Data Provenance in Distributed Machine Learning

Paper | No Code?

Data Delineation: crucial aspect of distributed machine learning.

Data Lineage: considers what data is missing, who uses it and what happens (is it modified, updated...).

The pipeline monitors user input, collects information and handles data storage. The pipeline uses UDF (user defined functions) to process data. These are a set of steps of data processing (both intermediate and final data). Generates event logs to the pipeline, then data is stored dumped.

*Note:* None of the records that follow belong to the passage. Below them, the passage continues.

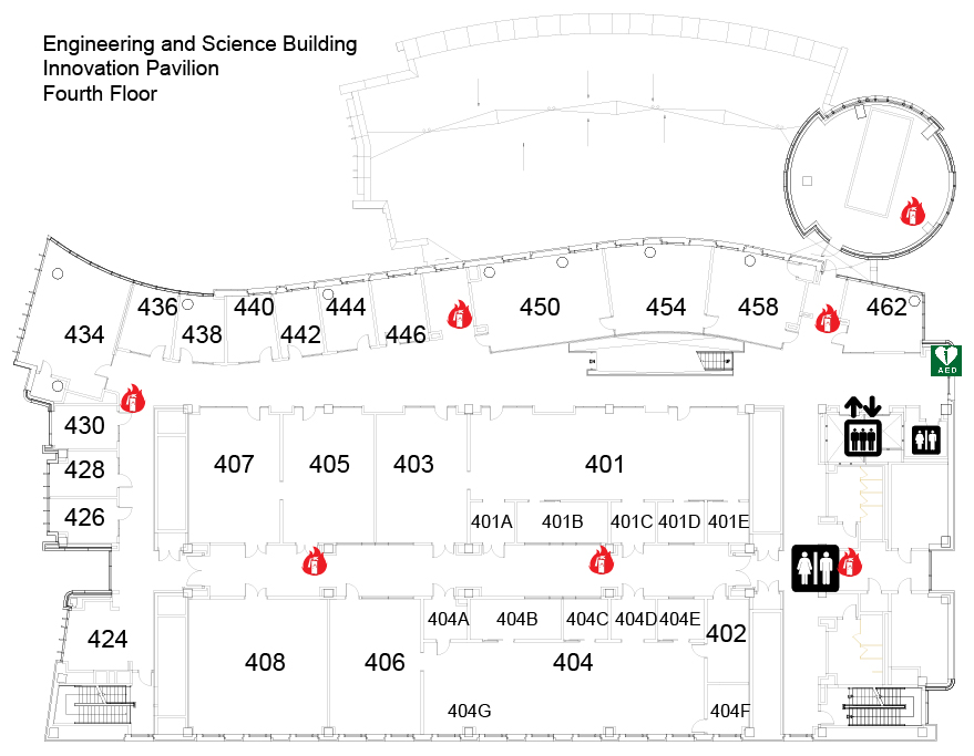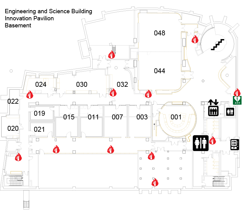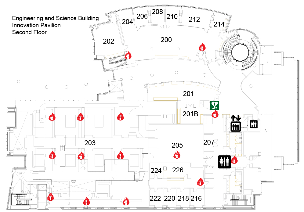 Engineering and Science building has placed AEDs on every public floor (basement, first, second, third, and fourth) to assist those trained in CPR and defibrillation in the crucial minutes and seconds before an ambulance arrives. These are all located within view of the elevators, specific locations shown below.
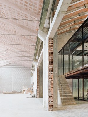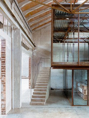 Their new workplace, which also includes a library, is located into a steel-framed, two-storey glass volume inserted inside the factory and the poured concrete elements blend with the existing floor; all the walls are made from glass to create an open and bright space and freestanding, poured-concrete staircases are the protagonists of the space.
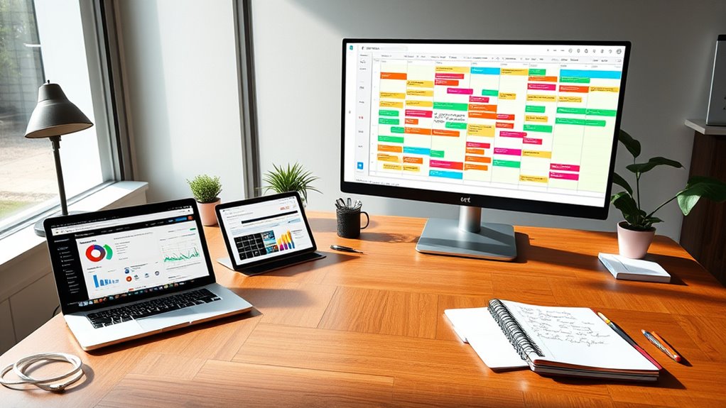 Creating a unified content calendar that incorporates email, social, and SEO elements requires a strategic approach. Start by mapping out your key content themes and publication dates. Use tools that offer integrations with email marketing platforms and social media management tools, so updates are seamless. As you plan, consider how each piece of content supports your overall marketing funnel—whether it’s raising awareness, nurturing leads, or converting customers. This holistic view guarantees that your messaging is coherent and that each channel amplifies your efforts.
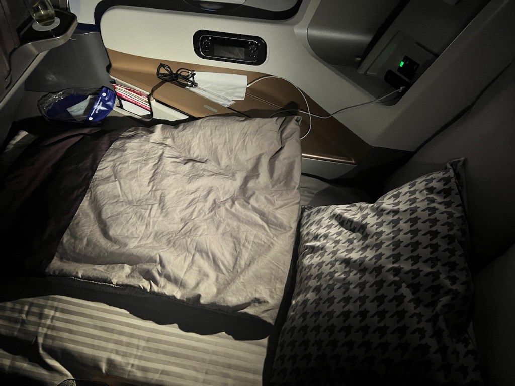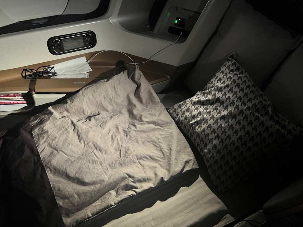 While I suspect through regular use you would get used to preparing the bed up yourself, as a first timer in Singapore Airlines long haul, I found this more complicated than convenient. Having to summon a flight attendant in order to go to bed is hardly something I look forward to coordinating when flying.

  • PM collects information from the pipeline and stores it in a database.
  • PM assigns an unique identifier to each data item and evaluates the data and processing.
  • Data service handles the storing of data and the processing of data.
  • Elastic search gets data from logs and historical data.
  • Trustworthyness of data is evaluated by the PM.
  • DML is based on SparkSQL and keeps track of the data lineage and records the data logs.
  • PySpark is modified to increase accuracy.

To train the model, Stellargraph is used: reads the generated data logs from RDD and PySpark. (and gives resulting logs)

This work tests the trustworthiness of pipeline before training the model.

Keeps overhead under 20% and is able to handle 1000s of data logs. But is higher on compelx queries.

Uses ElasticSearch (paid product) and is not open source. Stellargraph is free and open source, but is not the main focus of the paper and needs provenance retrieval. Competitors are Akka (I think?) and Orleans (couldn't find anything online) (less support for data recovery).

This tool also has no code available I could find...